Paul L. Caron

Friday, December 18, 2015

Tax Extenders Bill Puts Tax Court In Constitutional Limbo

Tax Court Logo 2University of Chicago Law School Faculty Blog: Tinkering with the Tax Court, by Daniel Hemel:

The House of Representatives voted 318-109 on Thursday to approve a package of tax breaks that will cost an estimated $680 billion over the next decade. ... [O]ne provision in the package that has drawn little attention so far could have significant implications for the United States Tax Court. The provision, buried on page 231 of the 233-page bill, puts the 19-member court in a state of constitutional limbo. The provision is entitled “Clarification Relating to United States Tax Court,” and it amends the Internal Revenue Code to add the following language:

The Tax Court is not an agency of, and shall be independent of, the executive branch of the Government.
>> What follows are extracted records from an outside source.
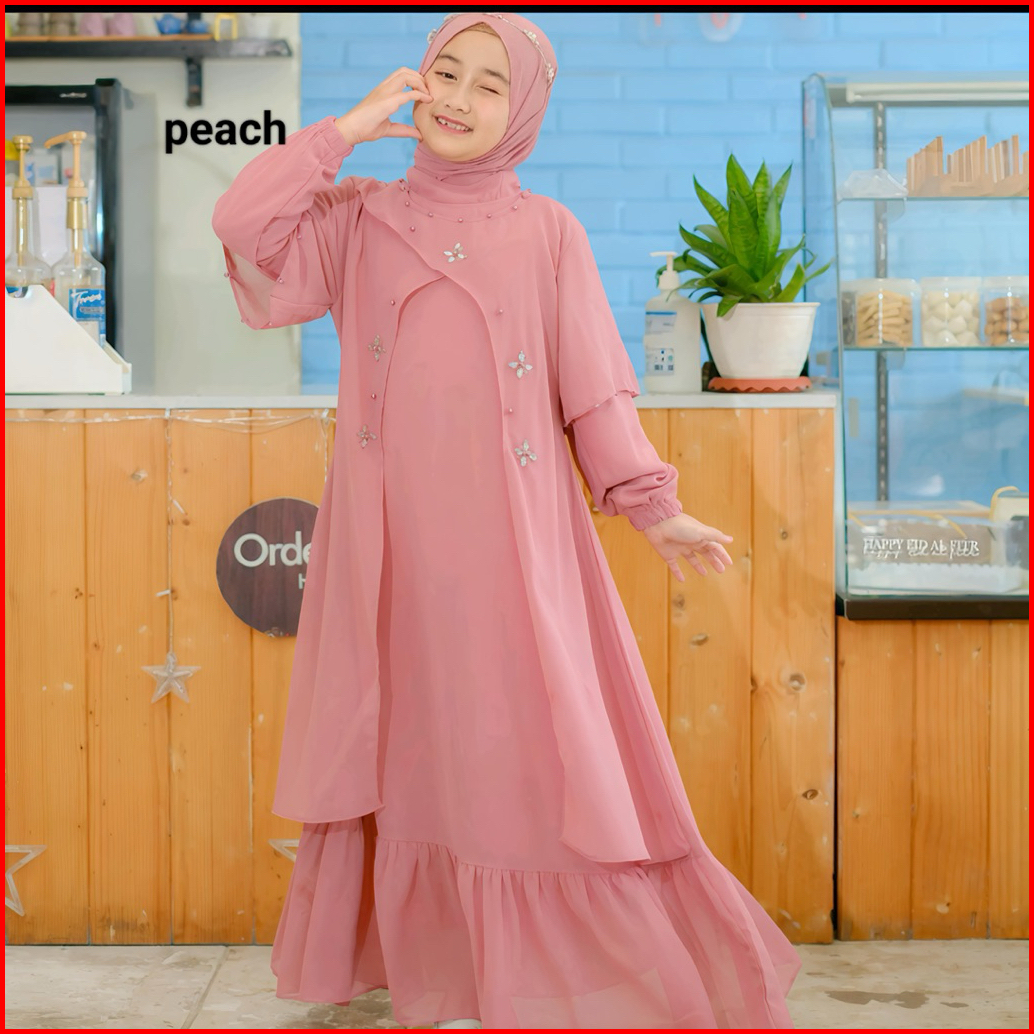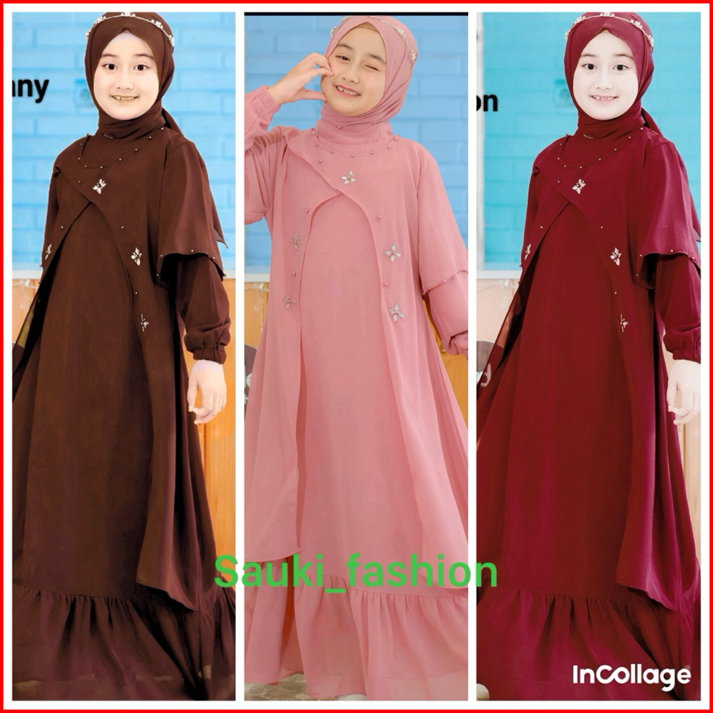 Gamis Abaya Zaina Kids Free Phasmina Usia 5-14 Tahun Uk M L Xl Bahan Ceruty Babydoll
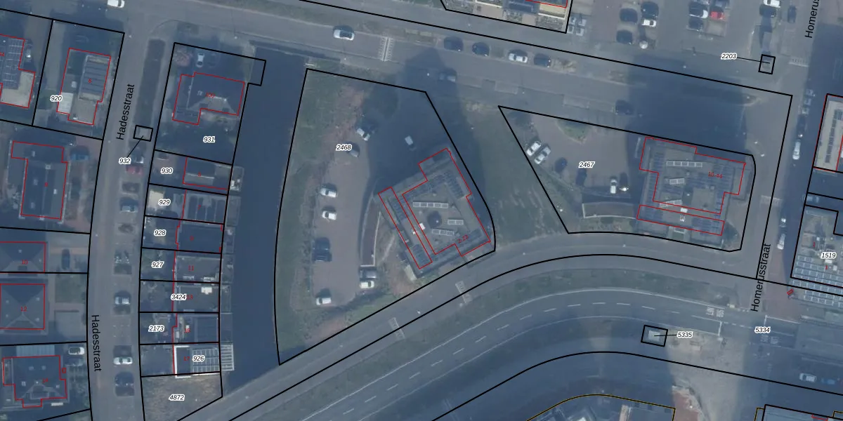Het adres is gelegen op perceel 2468 in de sectie W en de kadastrale gemeente Almere. De kadastrale aanduiding is aldus AMR04-W-2468. Het perceel is kleiner dan gemiddeld in Almere. Het perceel is 2385 m² groot, terwijl het gemiddelde ligt op 3327,75 m². Het grootste perceel in de kadastrale gemeente is 32,12 km². Het kleinste perceel heeft een oppervlakte van 0 m². Op het perceel liggen in totaal 22 adressen. In de Basisregistratie Kadaster (BRK) werden de grenzen van het perceel geregistreerd op 10-05-2019.
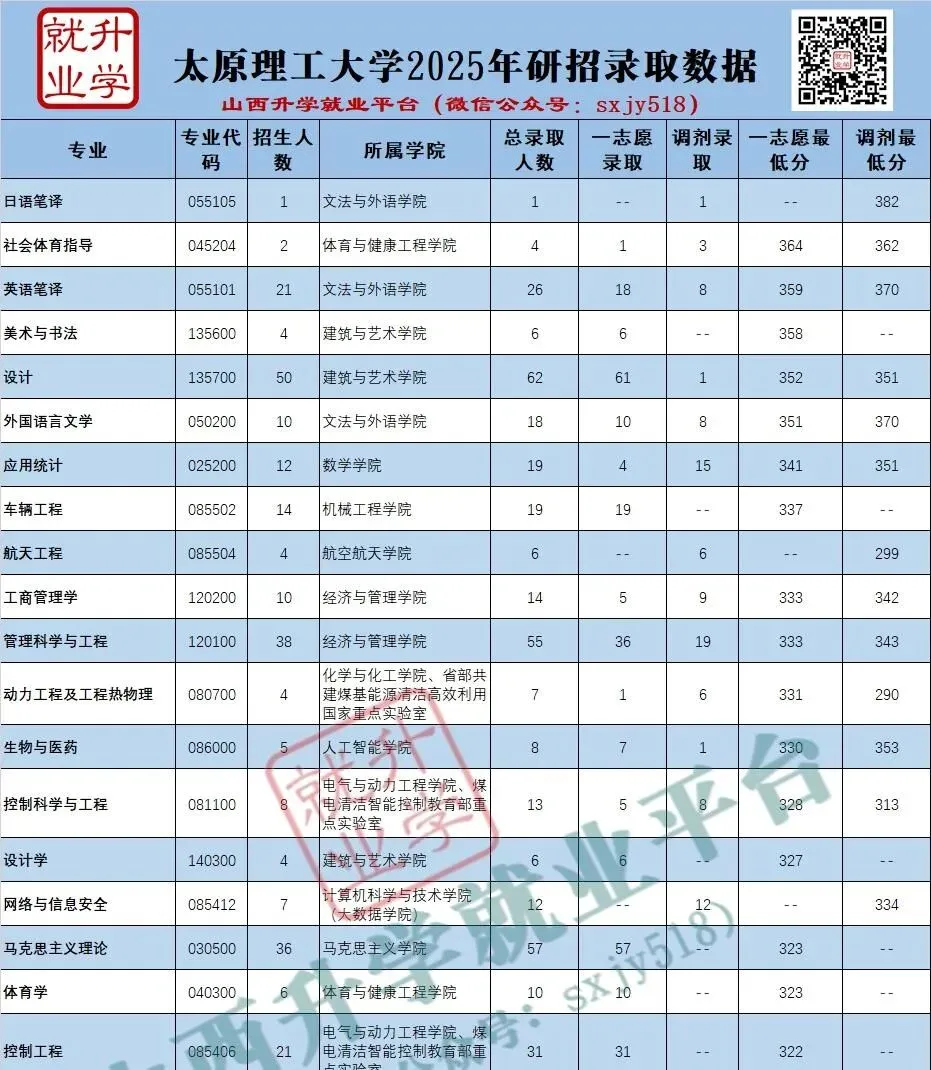 有关需接收调剂的专业、调剂分数线及要求、调剂工作程序、调剂具体时间等内容将在一志愿复试录取工作结束后,在太原理工大学研究生院网站和有关学院网站发布通知公告。

The provision appears to have been added in response to the D.C. Circuit’s 2014 decision in Kuretski v. Commissioner.

That case involved a couple, Peter and Kathleen Kuretski, who went to Tax Court to challenge an IRS levy on their Staten Island home. After the Tax Court ruled against them, the Kuretskis launched an attack on the court’s constitutional structure. The D.C. Circuit summarized the Kuretskis’ core argument as follows:

The Kuretskis now contend that the Tax Court judge may have been biased in favor of the IRS in a manner that infringes the constitutional separation of powers. They point to 26 U.S.C. § 7443(f), which enables the President to remove Tax Court judges on grounds of “inefficiency, neglect of duty, or malfeasance in office.” According to the Kuretskis, Tax Court judges exercise the judicial power of the United States under Article III of the Constitution, and it violates the constitutional separation of powers to subject any person clothed with Article III authority to “interbranch” removal at the hands of the President. The Kuretskis thus ask us to strike down 26 U.S.C. § 7443(f), vacate the Tax Court's decision, and remand their case for re-decision by a Tax Court judge free from the threat of presidential removal and hence free from alleged bias in favor of the Executive Branch.

The D.C. Circuit rejected the Kuretskis’ claim. It assumed, arguendo, that “‘interbranch’ removal of a Tax Court judge would raise a constitutional concern.” But it found “no cause for concern in fact.” According to the D.C. Circuit, the Tax Court “exercises Executive authority as part of the Executive Branch,” and “[p]residential removal of a Tax Court judge thus would constitute an intra—not inter—branch removal.” (No Tax Court judge has ever actually been removed by the President.)

This holding evidently unnerved Senator Orrin Hatch, who chairs the tax writing committee in the upper chamber. Senator Hatch introduced a bill this past April with language identical to the “clarification” found in the extenders package. The accompanying report explained:

The Committee is concerned that statements in Kuretski v. Commissioner may lead the public to question the independence of the Tax Court, especially in relation to the Department of Treasury or the Internal Revenue Service. The Committee wishes to remove any uncertainty caused by Kuretski v. Commissioner, and to ensure that there is no appearance of institutional bias.

This “clarification” may be motivated by noble sentiments. But it has the potential to cause much more confusion than it resolves. If the Tax Court isn’t inside the Executive Branch, then where exactly is it? And if the Hatch provision becomes law, how would a federal court of appeals handle a future challenge to the Tax Court’s constitutional structure?

A few possibilities (with thanks to my colleague Will Baude for helping me think through the permutations):

First, the court of appeals might say that the Tax Court is part of the Legislative Branch. ...

Second, the court of appeals might say that the Tax Court is part of the Judicial Branch. ...

A third possibility is that the court of appeals might say the Tax Court lies off in constitutional no-man’s land, apart from all three branches. ...

A fourth possibility is that the court of appeals might say that the “clarification” in the extenders package is itself a nullity. ...

I doubt I’ve thought through all the possibilities. I doubt that members of Congress have either. The hasty addition of the “clarifying” provision to the end-of-year extenders package means that there is little time for lawmakers to debate the measure. Yet it may take courts quite a bit of time to sort through the provision’s potential implications.

And for what? Say the Kuretskis are correct that the Tax Court judge in their case may have been biased in favor of the IRS because he was subject to presidential removal. A congressional declaration that the Tax Court is “independent” of the Executive Branch doesn’t change that: it’s the removal provision that the Kuretskis say is the source of the bias, and the extenders package leaves the removal provision in place. Congress cannot wave a magic wand and make the “appearance of institutional bias” go away. What it can do is create a constitutional quandary for the Tax Court—and an entirely unnecessary one at that.